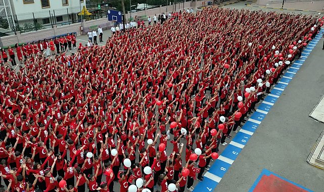 1500 öğrenci, okul bahçesinde söyledikleri şarkılarla Cumhuriyet'i kutladı
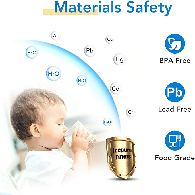 - Authoritative Certifications - Tested and certified against NSF/ANSI 42 to reduce 99.06% Chlorine. Reduce sand, sediments, particles, rust, color. Significantly improve the drinking water taste. The filter also meets European EC1935-2004 Regulations, and the Australian Water Mark, and has the certificatons of TUV, ROHS, REACH, and BPA FREE.
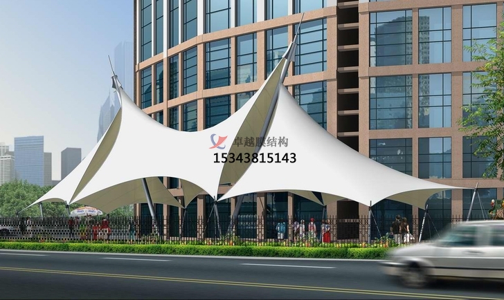 2、在商業(yè)廣場雨棚搭建的施工中,膜材張力是保證其穩(wěn)定性的重要因素,為了能夠達(dá)到這樣一個較好的效果,要求施工人員根據(jù)實(shí)際情況隨時調(diào)整膜張力,避免因過度張力引起的膜撕裂。
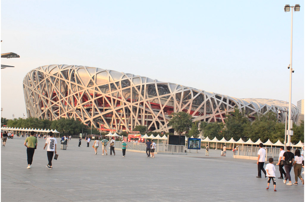 爬完長城,感受了歷史勞動人民的智慧后,我們又來到奧林匹克花園,充分見證了現(xiàn)代建筑的力量。橢圓形的鳥巢邊緣平滑,放形的水立方菱角分明,雄壯溫馨的鳥巢,優(yōu)雅夢幻的水立方,緊密呼應(yīng),對比強烈,走近他們,仿佛還能感受到空氣中彌漫的奧運選手們揮灑的汗水的味道和觀眾們熱情的歡呼。
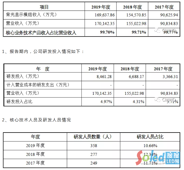 公司核心業(yè)務(wù)為背光顯示模組的研發(fā)、生產(chǎn)和銷售。核心業(yè)務(wù)技術(shù)產(chǎn)品收入占營業(yè)收入的比例如下所示:
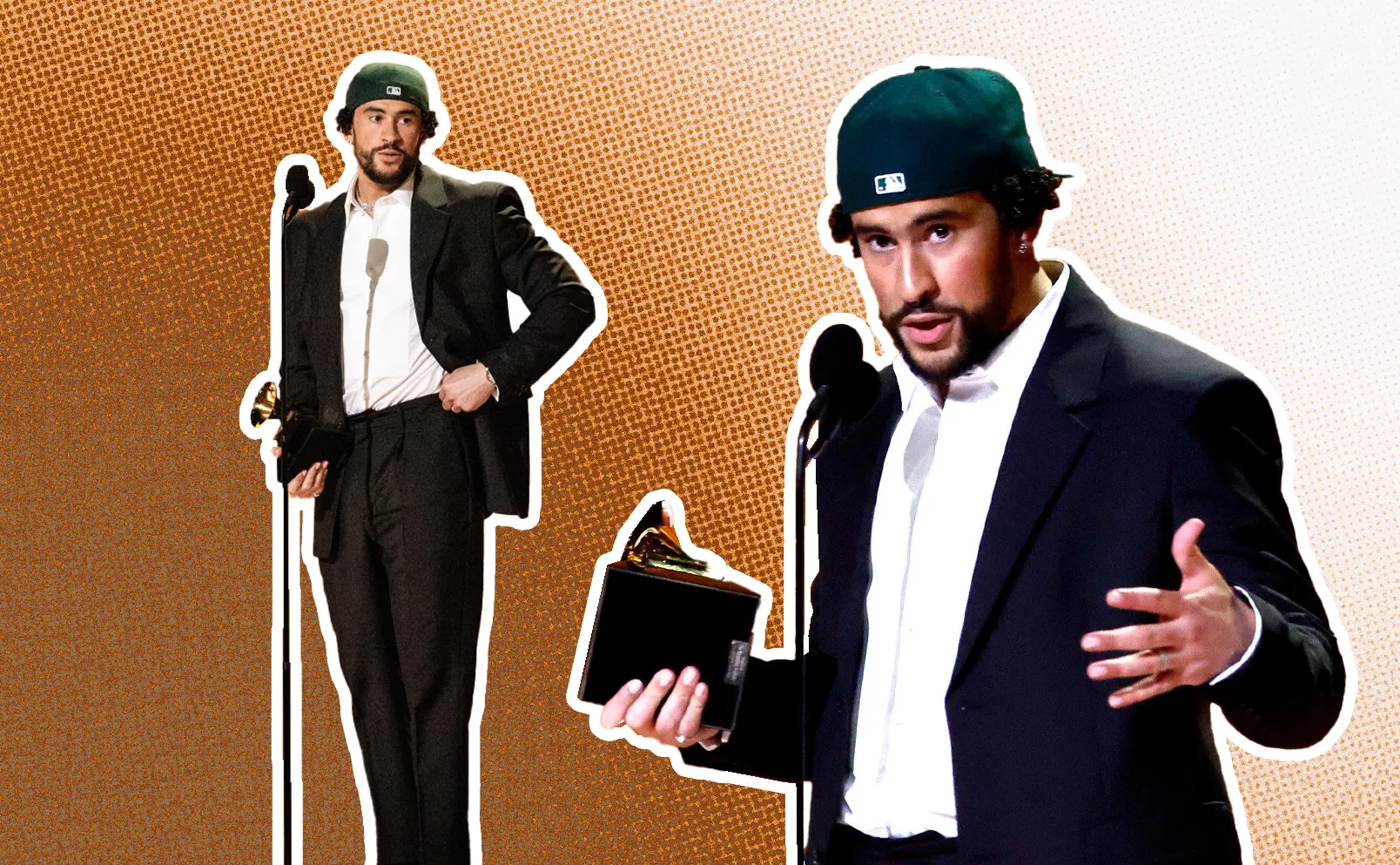 Bad Bunny, at the 2023 Grammy Awards, pairs a classic suit with a New Era Los Angeles Dodgers cap, featuring a grey under-brim, celebrating his win for Best Música Urbana album. Graphics by Constanza Coscia
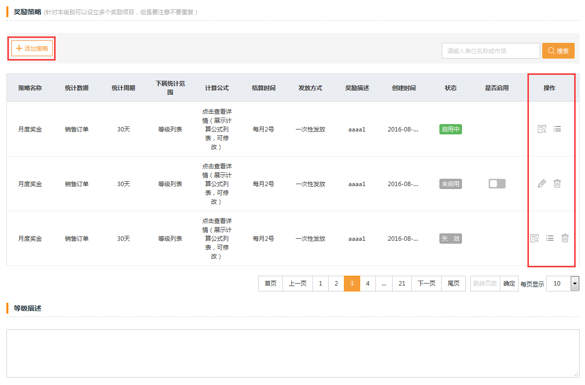 “奖励策略”可以进行【添加策略】、【查看】、【列表】、【编辑】、【删除】;如下图:
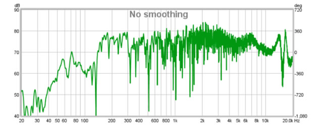 來(lái)自揚(yáng)聲器的聲音首先到達(dá)麥克風(fēng),然后從地板反射,然后從天花板反射,然后從側(cè)墻的某個(gè)地方反射。這些反射繼續(xù)在房間周?chē)磸楅L(zhǎng)達(dá)數(shù)百毫秒。這就是我們聽(tīng)到的,但它很難準(zhǔn)確測(cè)量揚(yáng)聲器!為了說(shuō)明這一點(diǎn),以下是在典型的家庭環(huán)境中使用 UMIK-3 和 REW 拍攝的 1 英寸全頻驅(qū)動(dòng)器的測(cè)量結(jié)果:
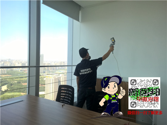 本工程為位于高新綠地中心45層的陜西恒通果汁集團股份有限公司辦公室,整體除甲醛凈化施工面積為2100平方,全密封玻璃幕墻設計,通風情況不佳,室內(nèi)異味明顯,新居邦環(huán)保科技的專業(yè)技術服務能力贏得了集團公司領導的認可,本次辦公室甲醛治理,室內(nèi)空氣凈化工程共2天,經(jīng)過處理以后室內(nèi)空氣質(zhì)量獲得極大改善,順利通過CMA第三方驗收,以下是部分施工現(xiàn)場照片
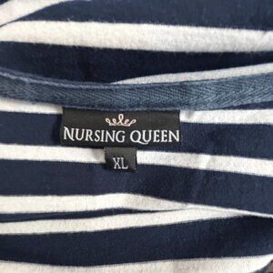 Nursing Queen Womens Navy Striped Nursing Top XL 3/4 Sleeve with Hidden Zipper
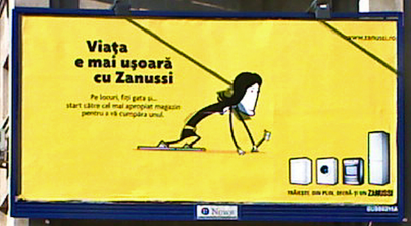 I swear to you this picture is TAKEN not MADE: The add says ‘Life is easier with Zanussi. on your mark, get set, start to the closest shop’. The woman is in a block start position. However, the sun was at the perfect angle when I passed by to have night lights’ shadow look like a dog collar around the woman’s neck and make her look submitted, enslaved 🙂
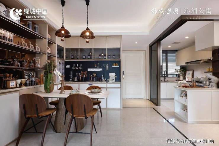 餐厅的仪式感藏在细节里,圆润餐桌配柔光灯,硬装餐边柜融合了冰箱、水吧台和储物拉篮,咖啡机、藏酒都有去处,家人围坐吃饭,笑声就是最好的背景音。
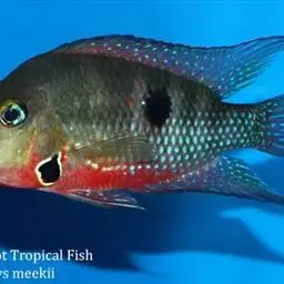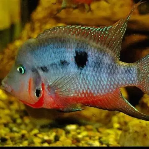 地图鱼形似罗非鱼,但身体更宽阔钝圆,头大、嘴大,背鳍基部很长,自胸鳍上方背部直达尾鳍基部,鳍条前部是锯齿状短硬棘,后部软鳍条较长,与臀鳍成对称状。腹鳍胸位,鳍端尖条形,尾鳍后缘圆形。鱼体的基色为黑色和黄、白色,上有不规则的高粱红斑点,间杂红色条纹斑块,颇似一幅地图,故得名地图鱼。尾鳍基部有镶金边的红色圆环,闪闪发光,酷似夏夜的星星,故又名尾星鱼。地图鱼有许多变异种。如红版地图、白、黄花、红眼地图鱼等。
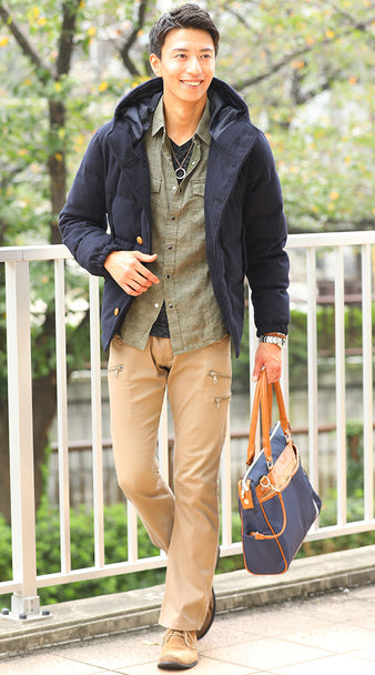 少し上級者コーデになるけど、ネイビー色と相性のいいカーキ色をとりいれるとこの冬、1つ上のレベルのコーデをつくれるようになります。

====

* [PROMPT]
The answer should contain only the lines from the beginning of the material above through the line with "Nursing Queen Womens", retyped exactly, with the pictures removed.

* [RESPONSE AREA]
 1500 öğrenci, okul bahçesinde söyledikleri şarkılarla Cumhuriyet'i kutladı
 - Authoritative Certifications - Tested and certified against NSF/ANSI 42 to reduce 99.06% Chlorine. Reduce sand, sediments, particles, rust, color. Significantly improve the drinking water taste. The filter also meets European EC1935-2004 Regulations, and the Australian Water Mark, and has the certificatons of TUV, ROHS, REACH, and BPA FREE.
 2、在商業(yè)廣場雨棚搭建的施工中,膜材張力是保證其穩(wěn)定性的重要因素,為了能夠達(dá)到這樣一個較好的效果,要求施工人員根據(jù)實(shí)際情況隨時調(diào)整膜張力,避免因過度張力引起的膜撕裂。
 爬完長城,感受了歷史勞動人民的智慧后,我們又來到奧林匹克花園,充分見證了現(xiàn)代建筑的力量。橢圓形的鳥巢邊緣平滑,放形的水立方菱角分明,雄壯溫馨的鳥巢,優(yōu)雅夢幻的水立方,緊密呼應(yīng),對比強烈,走近他們,仿佛還能感受到空氣中彌漫的奧運選手們揮灑的汗水的味道和觀眾們熱情的歡呼。
 公司核心業(yè)務(wù)為背光顯示模組的研發(fā)、生產(chǎn)和銷售。核心業(yè)務(wù)技術(shù)產(chǎn)品收入占營業(yè)收入的比例如下所示:
 Bad Bunny, at the 2023 Grammy Awards, pairs a classic suit with a New Era Los Angeles Dodgers cap, featuring a grey under-brim, celebrating his win for Best Música Urbana album. Graphics by Constanza Coscia
 “奖励策略”可以进行【添加策略】、【查看】、【列表】、【编辑】、【删除】;如下图:
 來(lái)自揚(yáng)聲器的聲音首先到達(dá)麥克風(fēng),然后從地板反射,然后從天花板反射,然后從側(cè)墻的某個(gè)地方反射。這些反射繼續(xù)在房間周?chē)磸楅L(zhǎng)達(dá)數(shù)百毫秒。這就是我們聽(tīng)到的,但它很難準(zhǔn)確測(cè)量揚(yáng)聲器!為了說(shuō)明這一點(diǎn),以下是在典型的家庭環(huán)境中使用 UMIK-3 和 REW 拍攝的 1 英寸全頻驅(qū)動(dòng)器的測(cè)量結(jié)果:
 本工程為位于高新綠地中心45層的陜西恒通果汁集團股份有限公司辦公室,整體除甲醛凈化施工面積為2100平方,全密封玻璃幕墻設計,通風情況不佳,室內(nèi)異味明顯,新居邦環(huán)保科技的專業(yè)技術服務能力贏得了集團公司領導的認可,本次辦公室甲醛治理,室內(nèi)空氣凈化工程共2天,經(jīng)過處理以后室內(nèi)空氣質(zhì)量獲得極大改善,順利通過CMA第三方驗收,以下是部分施工現(xiàn)場照片
 Nursing Queen Womens Navy Striped Nursing Top XL 3/4 Sleeve with Hidden Zipper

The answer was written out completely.